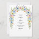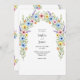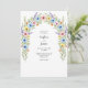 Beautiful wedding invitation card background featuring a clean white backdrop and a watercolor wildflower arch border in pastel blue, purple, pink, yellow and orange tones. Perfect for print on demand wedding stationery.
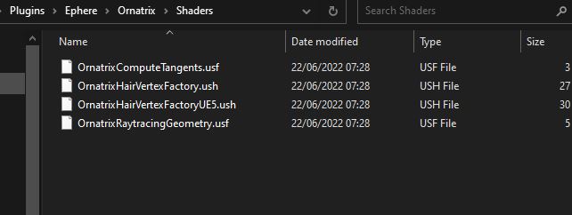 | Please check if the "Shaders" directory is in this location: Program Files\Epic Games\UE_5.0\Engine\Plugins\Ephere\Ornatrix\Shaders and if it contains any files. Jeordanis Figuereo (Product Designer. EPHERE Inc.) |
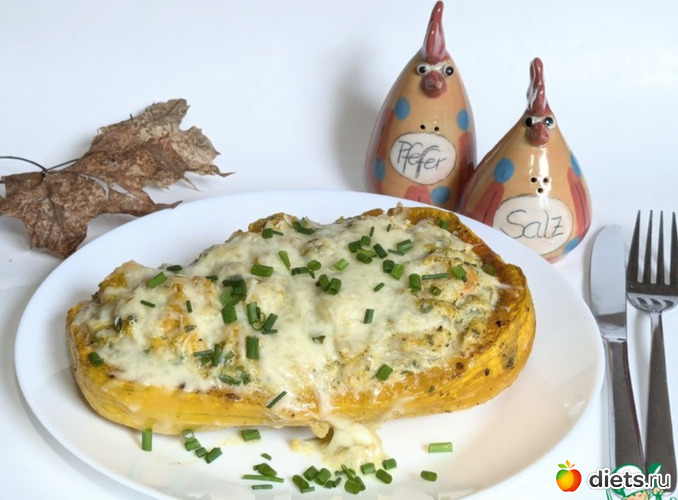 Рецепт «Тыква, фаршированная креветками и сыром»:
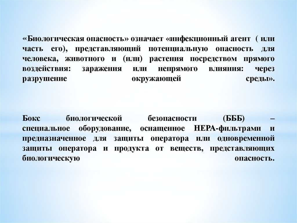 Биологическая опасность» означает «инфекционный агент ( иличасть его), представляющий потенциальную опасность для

==

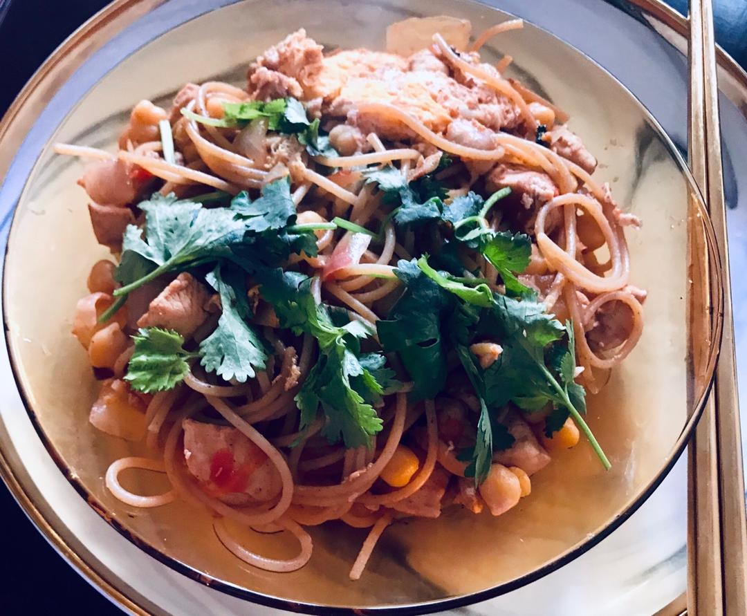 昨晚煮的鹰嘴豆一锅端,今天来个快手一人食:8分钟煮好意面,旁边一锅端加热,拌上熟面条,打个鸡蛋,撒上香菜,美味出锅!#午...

--

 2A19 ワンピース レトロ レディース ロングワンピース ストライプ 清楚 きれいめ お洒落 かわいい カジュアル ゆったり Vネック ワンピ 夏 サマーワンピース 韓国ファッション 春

● Task
Going by the data above, give back only the lines from the one containing "EPHERE Inc.) |" through the one containing "потенциальную опасность для", exactly as they stand, both ends included and no images.

● Output
 | Please check if the "Shaders" directory is in this location: Program Files\Epic Games\UE_5.0\Engine\Plugins\Ephere\Ornatrix\Shaders and if it contains any files. Jeordanis Figuereo (Product Designer. EPHERE Inc.) |
 Рецепт «Тыква, фаршированная креветками и сыром»:
 Биологическая опасность» означает «инфекционный агент ( иличасть его), представляющий потенциальную опасность для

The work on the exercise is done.